Machine learning helps attackers map networks, identify weak points, and generate adaptive exploits in real time. This allows them to scale operations, shorten attack lifecycles, and evade traditional defences.  


How Organisations Can Defend Against These Threats


To defend against the growing cyber threats to critical infrastructure, organisations must adopt a proactive, layered defence strategy that includes real-time monitoring, asset visibility, network segmentation, red teaming, and adherence to international cybersecurity frameworks like NIST and IEC 62443.


Continuous Monitoring and Anomaly Detection  

Early detection helps stop attacks before they cause damage. Organisations should use real-time monitoring across both IT and OT systems. They must employ tools like SIEM platforms, threat intelligence feeds, and anomaly detection systems that spot unusual behaviour.

For example, a sudden surge in PLC (Programmable Logic Controller) traffic or an unexpected Modbus command should trigger an alert.

Machine learning tools can help SOC teams catch zero-day attacks, lateral movement, or data theft early. It's also important to combine IT and OT monitoring since many attacks move between both environments. 

Comprehensive Asset Inventories and Risk Assessments

Maintaining an up-to-date inventory of all hardware, software, and digital systems, both old and new, is a key first step.

Next, organisations should regularly assess risks by checking for vulnerabilities, business impact, and how easily assets could be exploited. These risk assessments must include physical devices, supply chain links, third-party tools, and cloud systems.

Linking known vulnerabilities (like CVEs or ICS-CERT alerts) to specific assets helps set patching priorities and plan fixes effectively.

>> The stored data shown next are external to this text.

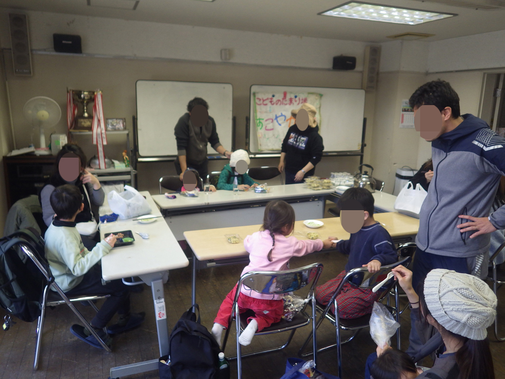 お蕎麦とお焼きはほとんどのご家族がその場で食べました。温かいお蕎麦は好評でした。
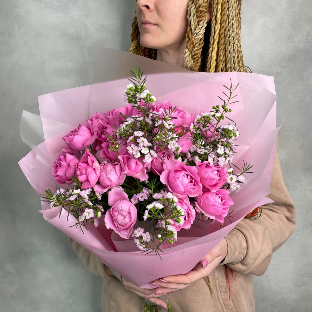 Ваксфлауэр – 2 шт.Роза пионовидная кустовая – 5 шт.Упаковка дизайнерская – 1 шт.
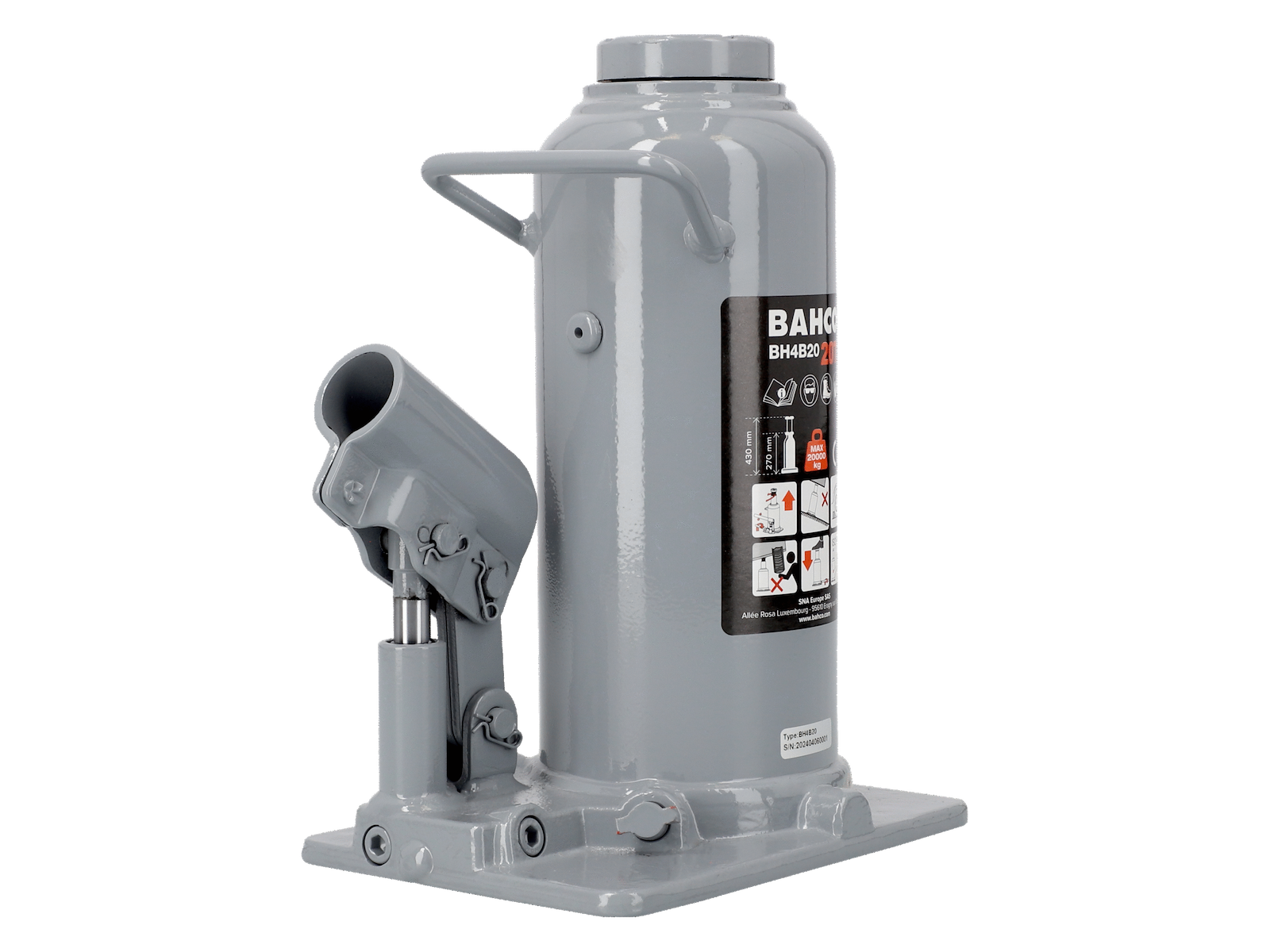 Premium hydraulisk flaskedonkraft designet til hyppig og kraftig brug og høje krav - velegnet til arbejde i lodret og vandret position. Større base for øget stabilitet. Kraftig forkromet løftestempel med nikkelbelægning giver længere holdbarhed. Svejset struktur sikrer den bedste ydeevne og forhindrer olielækage. Smedet stålbase for stor slid- og slagfasthed. Rillet sadel giver et sikkert løftegreb. Sikkerhedsventil forhindrer stemplet i at blive overbelastet, hvilket ville forårsage skade på stemplet. Arbejdsbetingelser mellem ÷20°C og +50°C. CE-certificeret af Official Independent Technical Inspection Association.

Network Segmentation Between IT and OT Systems


Organisations must use network segmentation to stop lateral movement and contain breaches. This means isolating operational technology (OT) from corporate IT networks. This limits the ability of attackers to jump from exposed endpoints to critical control systems.

Techniques include:

  • Firewall rules to enforce one-way data flow
  • DMZ zones for controlled communication
  • Air-gapping highly sensitive ICS components


    Segmentation should also be logical, not just physical. It should be based on roles, data sensitivity, and business criticality. Microsegmentation using identity-based access rules further enhances containment in hybrid environments. 


    Threat Intelligence, Red Teaming and Attack Simulation Exercises


    Organisations should run tabletop exercises, penetration tests, and breach simulations tailored to sector-specific CNI threats. For instance, they could simulate a ransomware attack on SCADA systems or a deepfake-enabled phishing attempt on a procurement manager.

    Organisations must test even the most secure environments. Red teaming exercises allow ethical hackers to mimic actual attack situations. These drills reveal hidden vulnerabilities, validate the efficacy of current defences, and test incident response under pressure. They also improve coordination and help fine-tune response protocols and communication plans in case of a real breach. 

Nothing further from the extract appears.